» **Assignment**: Copy all records exactly; omit pictures.

» **Recorded information**:

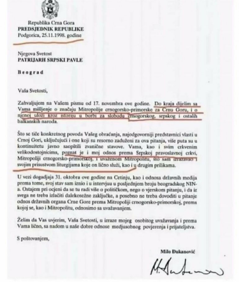 "Новости" су дошле до писма које је својевремено Ђукановић писао патријарху Павлу.
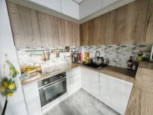 Кухонный гарнитур Эггер. Фартук-плитка, вытяжка встроенная. В квартире остаётся : кухонный гарнитур, индукционная плита, шкафы и комоды в прихожей. Духовой шкаф Сименс, посудомойка Электролюкс и остальная мебель-по договорённости. Панорамное остекленение уже согласовано с управляющей компанией.
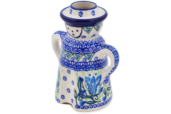 This Gentian Wreath 5" Candle Holder was handmade and hand decorated in Boleslawiec, Poland by skilled artisans according to old traditional methods. This is a Polish pottery Signature Unikat, which means that it has been hand painted with both sponges and brushes and it is signed by the artist who painted it. Unikat pieces are the most intricate works of art. Larger Unikat items take hours of very careful work to finish. This Polish stoneware is microwave, dishwasher, freezer, and oven safe up to 480°F. It does not contain lead or cadmium. It is part of the Gentian Wreath Collection.
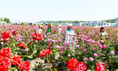通城縣麥?zhǔn)墟?zhèn)冷段村引進(jìn)資金,在200余畝荒地上種植月季花。20多個(gè)品種的月季正值盛花期,每天吸引眾多游客游玩賞花,當(dāng)?shù)匕才?0多位農(nóng)民配套服務(wù),在家門(mén)口增收。
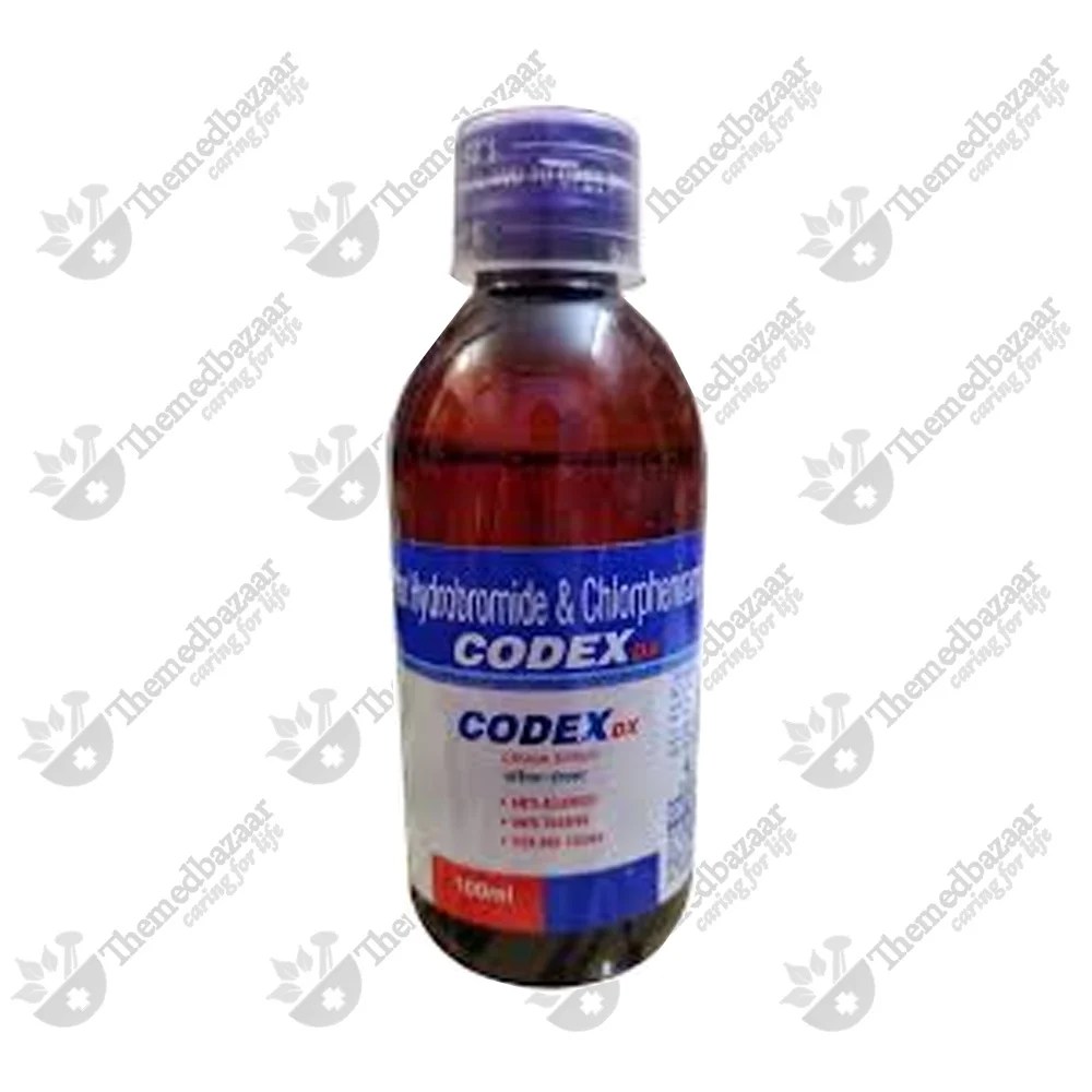 Codex D Syrup is a combination medication used to provide relief from the symptoms of common cold and dry cough. It effectively reduces symptoms such as a runny nose, stuffy nose, sneezing, watery eyes, and nasal congestion, helping to alleviate discomfort associated with these conditions. Codex D Syrup works quickly to suppress a dry cough and relieve other allergy-related symptoms, enabling you to resume normal daily activities with greater ease.
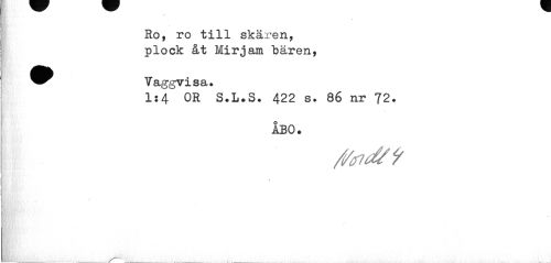 //// . //// Ro, ro till skären, plock åt Mirjam "bären, //// ^ Vaggvisa. //// 1:4 OR S.L.S. 422 s. 86 nr 72. //// ÅBO. //// f—"v ////
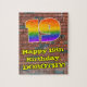 Esta vibrante e empolgante arte urbana de rua e grafite de quebra-cabeça de design de aniversário tematizado apresenta um grande número "19" com um padrão colorido inspirado no espectro do arco-íris, juntamente com a mensagem "Feliz 19º aniversário", e um nome personalizado. O fundo apresenta um padrão de parede de tijolos. Uma quebra-cabeça de aniversário colorida e personalizável como esta poderia ser dada para celebrar o 19° aniversário de alguém. [~Z0000545]
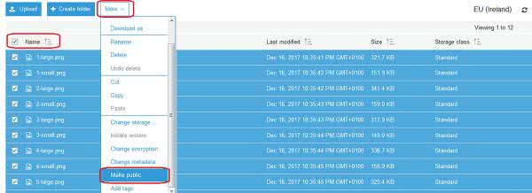 Import plików rozpoczynamy po wybraniu opcji Upload. Następnie dodajemy pliki i przyciskiem i zatwierdzamy umieszczenie plików w magazynie danych (rysunek 11). Zaimportowane pliki nie są dostępne publicznie i oprogramowanie do obsługi umiejętności asystentki Alexa nie ma praw dostępu do plików. Musimy zatem zmienić prawa dostępu do plików i udostępnić je publicznie. W tym celu zaznaczamy wszystkie zaimportowane pliki, otwieramy menu konfiguracyjne i z dostępnych opcji wybieramy Make public (rysunek 12).
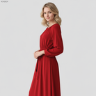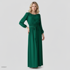 Clara maxi dress exudes pure elegance and is the perfect choice for stylish appearances. With its deep emerald green color, elegantly cut 3/4-length sleeves, and flowing full-length skirt, the dress impresses with timeless beauty. The defined waist with a tie belt accentuates a feminine silhouette, while the simple round neckline adds a classic touch to the design. Perfect for galas, evening events, or elegant gatherings – this dress will make you shine.
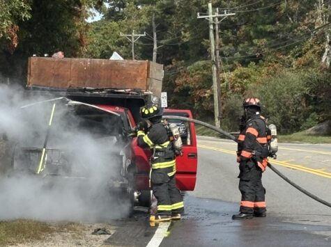 BOURNE – A truck fire temporarily shut down Sandwich Road near the Upper Cape Cod Regional Technical High School about 1:30 PM Tuesday. Bourne Police reported that there was no vehicle crash involved and no students were involved.
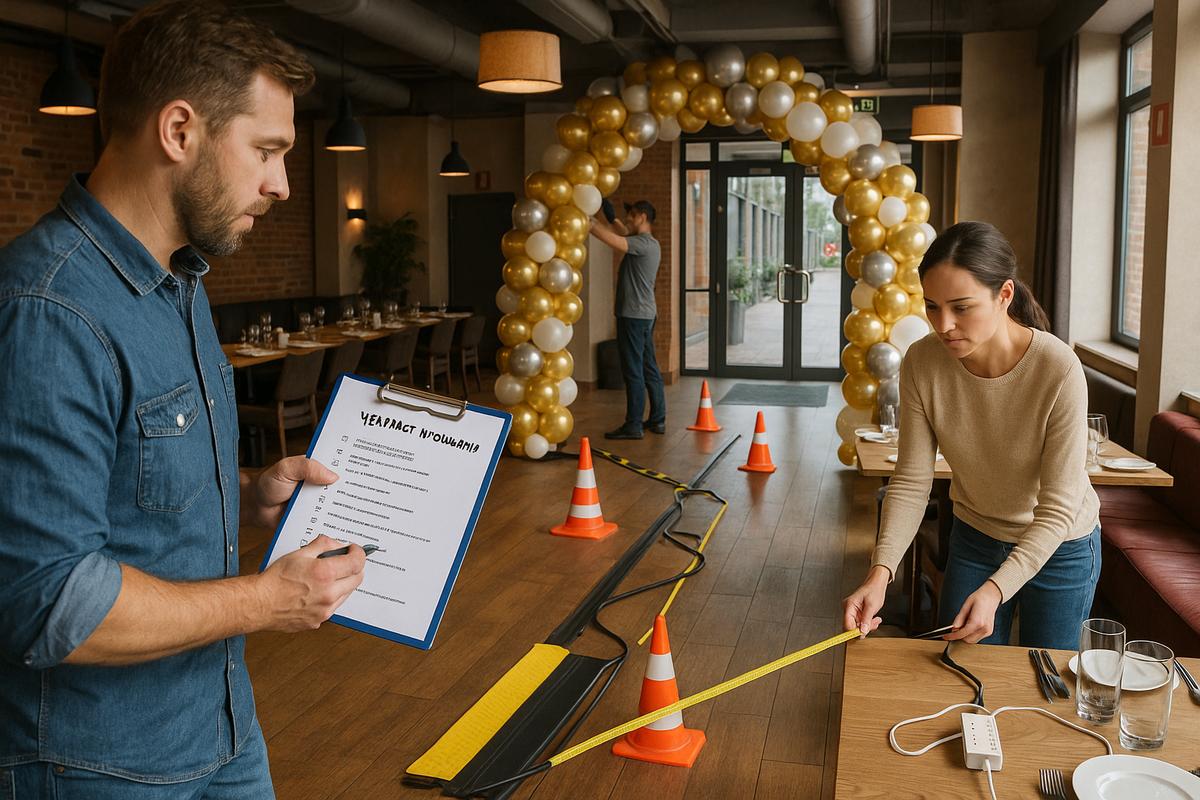 Как избежать: заранее разметьте 4 зоны: вход/приветствие, фотозона, фуд-зона, сцена/торт. Оставляйте проходы ≥ 90 см. Сделайте простой план-схему на листе. Ошибка: низкая арка в узком коридоре, гигантский фон в зале с низкими потолками, «давящая» композиция.
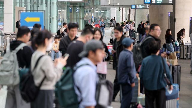 추석 연휴 마지막날인 9일 오후 인천국제공항 입국장 버스정류장에서 여행객들이 버스를 기다리고 있다. / 뉴스1

» **Result of the task**:
 "Новости" су дошле до писма које је својевремено Ђукановић писао патријарху Павлу.
 Кухонный гарнитур Эггер. Фартук-плитка, вытяжка встроенная. В квартире остаётся : кухонный гарнитур, индукционная плита, шкафы и комоды в прихожей. Духовой шкаф Сименс, посудомойка Электролюкс и остальная мебель-по договорённости. Панорамное остекленение уже согласовано с управляющей компанией.
 This Gentian Wreath 5" Candle Holder was handmade and hand decorated in Boleslawiec, Poland by skilled artisans according to old traditional methods. This is a Polish pottery Signature Unikat, which means that it has been hand painted with both sponges and brushes and it is signed by the artist who painted it. Unikat pieces are the most intricate works of art. Larger Unikat items take hours of very careful work to finish. This Polish stoneware is microwave, dishwasher, freezer, and oven safe up to 480°F. It does not contain lead or cadmium. It is part of the Gentian Wreath Collection.
通城縣麥?zhǔn)墟?zhèn)冷段村引進(jìn)資金,在200余畝荒地上種植月季花。20多個(gè)品種的月季正值盛花期,每天吸引眾多游客游玩賞花,當(dāng)?shù)匕才?0多位農(nóng)民配套服務(wù),在家門(mén)口增收。
 Codex D Syrup is a combination medication used to provide relief from the symptoms of common cold and dry cough. It effectively reduces symptoms such as a runny nose, stuffy nose, sneezing, watery eyes, and nasal congestion, helping to alleviate discomfort associated with these conditions. Codex D Syrup works quickly to suppress a dry cough and relieve other allergy-related symptoms, enabling you to resume normal daily activities with greater ease.
 //// . //// Ro, ro till skären, plock åt Mirjam "bären, //// ^ Vaggvisa. //// 1:4 OR S.L.S. 422 s. 86 nr 72. //// ÅBO. //// f—"v ////
 Esta vibrante e empolgante arte urbana de rua e grafite de quebra-cabeça de design de aniversário tematizado apresenta um grande número "19" com um padrão colorido inspirado no espectro do arco-íris, juntamente com a mensagem "Feliz 19º aniversário", e um nome personalizado. O fundo apresenta um padrão de parede de tijolos. Uma quebra-cabeça de aniversário colorida e personalizável como esta poderia ser dada para celebrar o 19° aniversário de alguém. [~Z0000545]
 Import plików rozpoczynamy po wybraniu opcji Upload. Następnie dodajemy pliki i przyciskiem i zatwierdzamy umieszczenie plików w magazynie danych (rysunek 11). Zaimportowane pliki nie są dostępne publicznie i oprogramowanie do obsługi umiejętności asystentki Alexa nie ma praw dostępu do plików. Musimy zatem zmienić prawa dostępu do plików i udostępnić je publicznie. W tym celu zaznaczamy wszystkie zaimportowane pliki, otwieramy menu konfiguracyjne i z dostępnych opcji wybieramy Make public (rysunek 12).
 Clara maxi dress exudes pure elegance and is the perfect choice for stylish appearances. With its deep emerald green color, elegantly cut 3/4-length sleeves, and flowing full-length skirt, the dress impresses with timeless beauty. The defined waist with a tie belt accentuates a feminine silhouette, while the simple round neckline adds a classic touch to the design. Perfect for galas, evening events, or elegant gatherings – this dress will make you shine.
 BOURNE – A truck fire temporarily shut down Sandwich Road near the Upper Cape Cod Regional Technical High School about 1:30 PM Tuesday. Bourne Police reported that there was no vehicle crash involved and no students were involved.
 Как избежать: заранее разметьте 4 зоны: вход/приветствие, фотозона, фуд-зона, сцена/торт. Оставляйте проходы ≥ 90 см. Сделайте простой план-схему на листе. Ошибка: низкая арка в узком коридоре, гигантский фон в зале с низкими потолками, «давящая» композиция.
 추석 연휴 마지막날인 9일 오후 인천국제공항 입국장 버스정류장에서 여행객들이 버스를 기다리고 있다. / 뉴스1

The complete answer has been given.